The only changes needed to WordPress are to make sure it knows it’s running over an SSL connection. So, in the wp-config.php, the following needs to be added.
/** Enable connection over SSL */
define('DB_SSL', true);
define( 'MYSQL_CLIENT_FLAGS', MYSQLI_CLIENT_SSL );
Beyond that, it’s just a normal MySQL server. Latency is not too bad, though it can be noticeable, and I would strongly recommend putting object cache and transients locally. For my site and other sites I manage, it’s fine, especially with the relatively heavy use of static caching I use.
Other Stuff?
Let’s see, we talked about Tailscale as a VPN but I also use a couple of other features: Tailscale SSH and Tailscale share. Tailscale SSH not only locks down my SSH to only being on my Tailnet but also provides ACL (access control) and a bunch of other nice features. Tailscale share let’s me point to a location and create a WebDAV file share of that path. This is what I use to provide temporary access to the filesystem for backups. Again, this has access controls, so only my backup server can access it.
Beyond that, the site is on an Ubuntu 20.04LTS release. It is provisioned with Ansible and updated daily. Backups use Borgbackup.
What else, secret management? I’ll leave that for another post.
So, a couple of questions I’m often asked
How much does it cost?
timnash.co.uk runs on a single nano instance Linode at about $10/month. It does make use of a few other services shared between multiple sites, and these are:
- Managed Database – $70/month but is shared by about 20 sites, so let’s say $5/month
- DNS is DNS Made Easy – it is an annual subscription (and coming up for renewal, and I’m strongly considering moving), but it’s about $70/year, though has multiple sites on it, so let’s say $1/month
- SendGrid – provides transaction email and, you guessed it, is shared by multiple sites, but again, let’s call it $1
- Updown.io for external uptime monitoring the cost is negligible as I buy in credits once a year for again multiple sites.
- My own infrastructure, which is a hodgepodge of at-home Hertzner box and VPS on Linode, but they are part of my broader infrastructure.
So the total is probably around $17-18 a month.
I also make use of a couple of free services I want to shout out:
- Cabin provides analytics: I’m on a grandfathered plan, but they provide really nice analytics options for privacy and sustainability enthusiasts.
- For the newsletter Buttondown, again, I’m grandfathered onto a tier. While I had some issues setting it up (https://timnash.co.uk/lessons-learnt-migrating-from-mailchimp-to-buttondown/), I really like the minimal interface of Buttondown.
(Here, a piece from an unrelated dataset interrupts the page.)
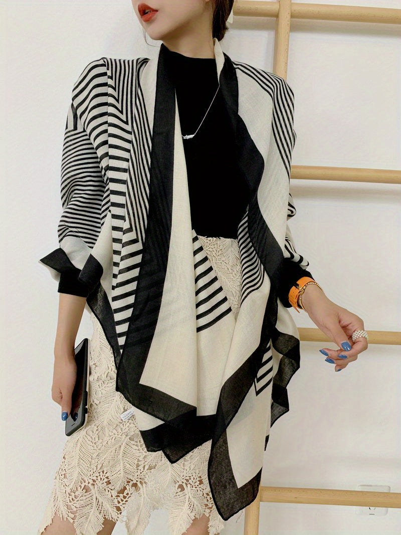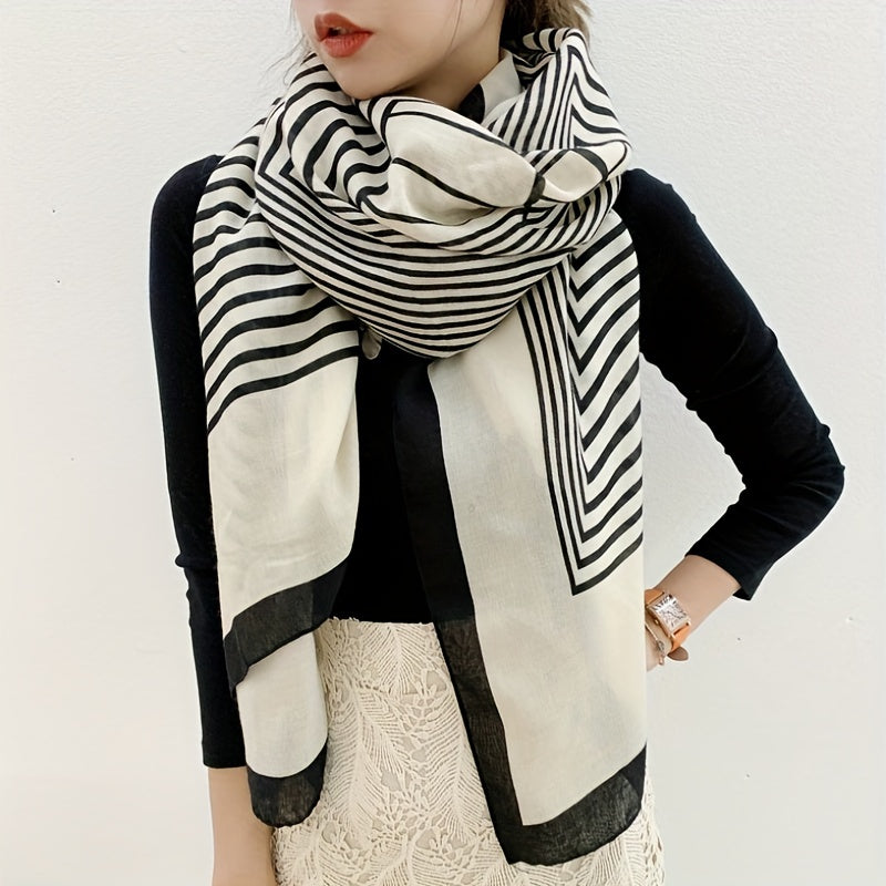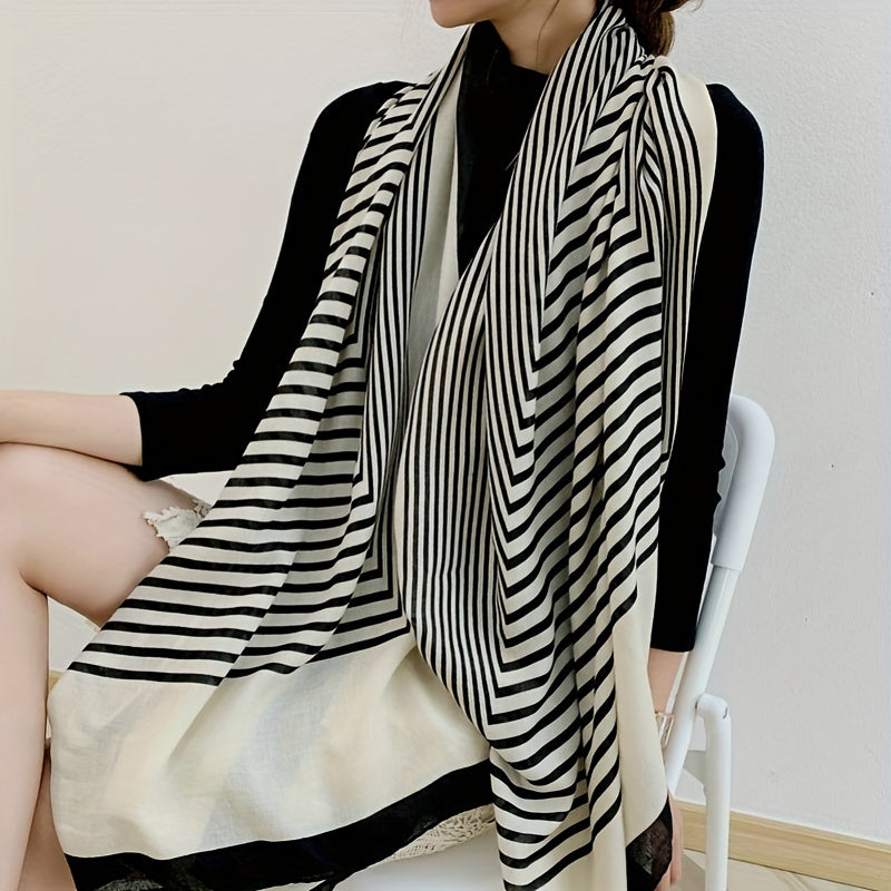 Une touche graphique et intemporelle à ajouter à toutes vos tenues. Cette écharpe à rayures apporte structure et élégance à n’importe quel look, tout en restant douce et facile à porter.
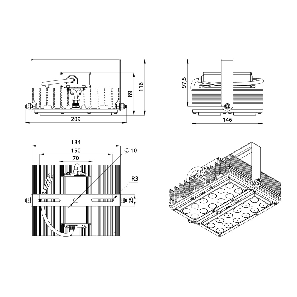 - Индекс цветопередачи CRI70 — гарантирует адекватное отображение цветов, что особенно важно при освещении торговых площадей или производственных помещений

What I don’t have is a CDN setup. Over the years, I have used folks like KeyCDN and CloudFront and dabbled with CloudFlare, but honestly, my site is fast. It serves a UK-centric audience on the whole (big hello, if you are from elsewhere) and mostly static content. A proxy server wouldn’t benefit and probably harm performance, and for files, potentially, there would be some benefits in a CDN, but it’s marginal and not worth the cost and management pain.
Is it worth it?
Timnash.co.uk is a pet. It’s my site, and it will always be a little bit special. Sometimes, it will be broken. It’s the place to experiment and innovate, so yes, it’s worth it. I probably spend less than an hour a month doing maintenance on the site and server, so there is not much time sink.
I really like Caddy and would strongly recommend you check it out. You are unlikely to find a managed host that supports it, but I suspect that if you give it a couple of years, you might.
So now it’s over to you!
Tell me what you would do differently, what changes I could make and about your setups!
I like writing these posts because I always learn new and interesting things and ways to do things, and I love reading about other people’s setups.